**Work to complete:** An exact copy of the entries is required, with every image omitted.

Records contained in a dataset
[Start of section]

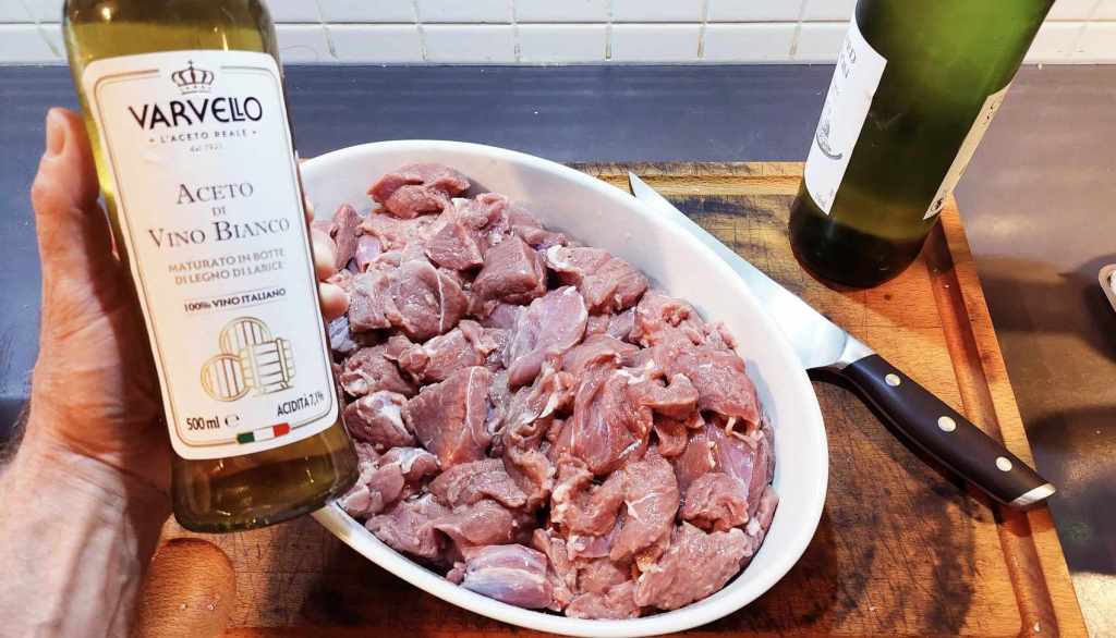 L’odeur et la saveur de la bête qui broutait des mois dans la nature pouvaient être un peu forts. Par conséquent, les bergers laissaient mariner la viande quelques heures dans une marinade de vin blanc et de vinaigre de vin (blanc, lui aussi). J’ai effectué la même opération, en ajoutant quelques plantes de la garrigue et du poivre de moulin.
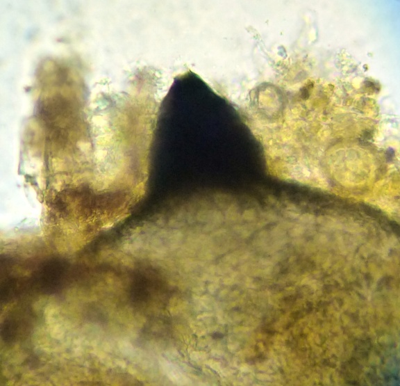 Schnell übersehen, weil nur die winzigen, schwarzen Perithecienmündungen aus dem Substrat ragen.
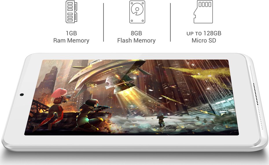 Pamięć podręczna o pojemności 1 GB zapewni optymalną płynność działania urządzenia podczas pracy, przeglądania stron internetowych i korzystania z wielu aplikacji. Tablet z 1 GB pamięci RAM to dobry kompromis pomiędzy wysoką wydajnością i atrakcyjną ceną urządzenia.
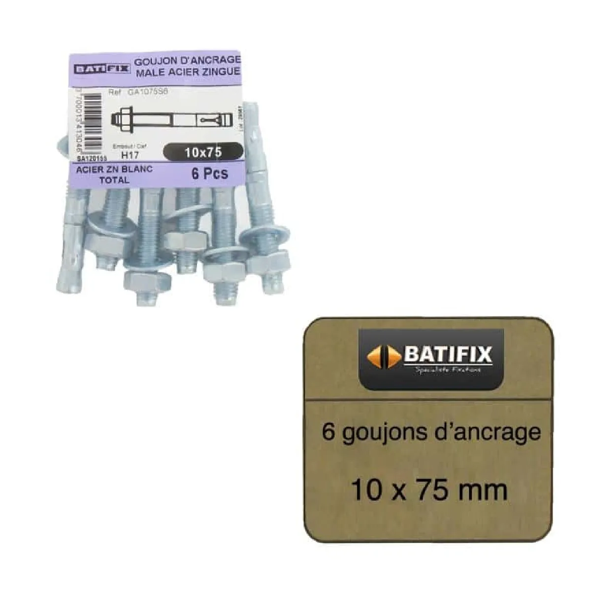 Batifix Goujons d’ancrage H17 béton - 10 x 75 mm, pack de 6 |
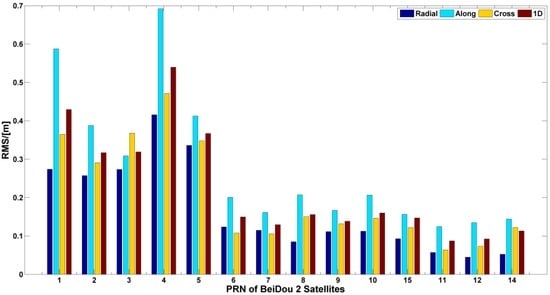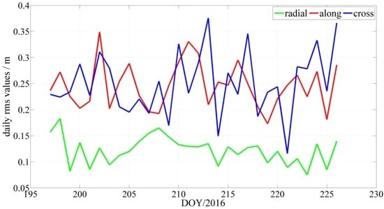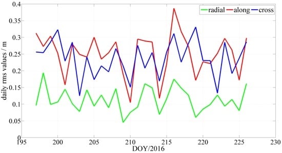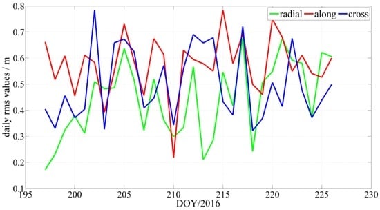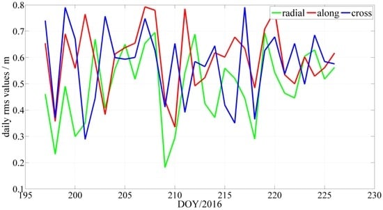 The average daily root mean square (RMS) values of the 24-h overlap in the radial, along, and cross-track components for each satellite are shown in Table 4 and Figure 3, Figure 4, Figure 5, Figure 6 and Figure 7. The RMS values for the along component for all BeiDou satellites are the largest among the three components, whereas the radial component has the smallest RMS values. Furthermore, BeiDou-3 MEO satellites (C33 and C34) have larger RMS values than the BeiDou-3 IGSO satellites (C31 and C32), whereas BeiDou-2 MEO satellites have smaller RMS values than the BeiDou-2 IGSO satellites. Furthermore, BeiDou-3 IGSO and BeiDou-2 IGSO satellites have identical RMS values, whereas BeiDou-3 MEO satellites have larger RMS values than the BeiDou-2 MEO satellites. In addition, BeiDou-2 GEO satellites yield significantly large RMS values among all of the BeiDou-2 satellites. BeiDou-3 MEO satellites have inferior POD accuracy compared with BeiDou-2 MEO satellites because the existing tracking network for BeiDou-3 MEO satellites is not well distributed worldwide, which implies that the tracking network does not have a good coverage for global MEO satellites, whereas the regional IGSO satellites are relatively better observed. In addition, the RMS residuals are approximately 10 cm and 25 cm in the radial and along components for BeiDou-3 IGSO satellites, respectively. For BeiDou-3 MEO satellites, the RMS residuals are approximately 40 cm and 60 cm in the radial and along components, respectively. The RMS residuals are approximately 10 cm and 20 cm in the radial and along components for BeiDou-2 IGSO satellites, respectively. For BeiDou-2 MEO satellites, the RMS residuals are approximately 5 cm and 15 cm in the radial and along components, respectively.

[End of section]

**Answer below:**
 L’odeur et la saveur de la bête qui broutait des mois dans la nature pouvaient être un peu forts. Par conséquent, les bergers laissaient mariner la viande quelques heures dans une marinade de vin blanc et de vinaigre de vin (blanc, lui aussi). J’ai effectué la même opération, en ajoutant quelques plantes de la garrigue et du poivre de moulin.
 Schnell übersehen, weil nur die winzigen, schwarzen Perithecienmündungen aus dem Substrat ragen.
 Pamięć podręczna o pojemności 1 GB zapewni optymalną płynność działania urządzenia podczas pracy, przeglądania stron internetowych i korzystania z wielu aplikacji. Tablet z 1 GB pamięci RAM to dobry kompromis pomiędzy wysoką wydajnością i atrakcyjną ceną urządzenia.
 Batifix Goujons d’ancrage H17 béton - 10 x 75 mm, pack de 6 |
 The average daily root mean square (RMS) values of the 24-h overlap in the radial, along, and cross-track components for each satellite are shown in Table 4 and Figure 3, Figure 4, Figure 5, Figure 6 and Figure 7. The RMS values for the along component for all BeiDou satellites are the largest among the three components, whereas the radial component has the smallest RMS values. Furthermore, BeiDou-3 MEO satellites (C33 and C34) have larger RMS values than the BeiDou-3 IGSO satellites (C31 and C32), whereas BeiDou-2 MEO satellites have smaller RMS values than the BeiDou-2 IGSO satellites. Furthermore, BeiDou-3 IGSO and BeiDou-2 IGSO satellites have identical RMS values, whereas BeiDou-3 MEO satellites have larger RMS values than the BeiDou-2 MEO satellites. In addition, BeiDou-2 GEO satellites yield significantly large RMS values among all of the BeiDou-2 satellites. BeiDou-3 MEO satellites have inferior POD accuracy compared with BeiDou-2 MEO satellites because the existing tracking network for BeiDou-3 MEO satellites is not well distributed worldwide, which implies that the tracking network does not have a good coverage for global MEO satellites, whereas the regional IGSO satellites are relatively better observed. In addition, the RMS residuals are approximately 10 cm and 25 cm in the radial and along components for BeiDou-3 IGSO satellites, respectively. For BeiDou-3 MEO satellites, the RMS residuals are approximately 40 cm and 60 cm in the radial and along components, respectively. The RMS residuals are approximately 10 cm and 20 cm in the radial and along components for BeiDou-2 IGSO satellites, respectively. For BeiDou-2 MEO satellites, the RMS residuals are approximately 5 cm and 15 cm in the radial and along components, respectively.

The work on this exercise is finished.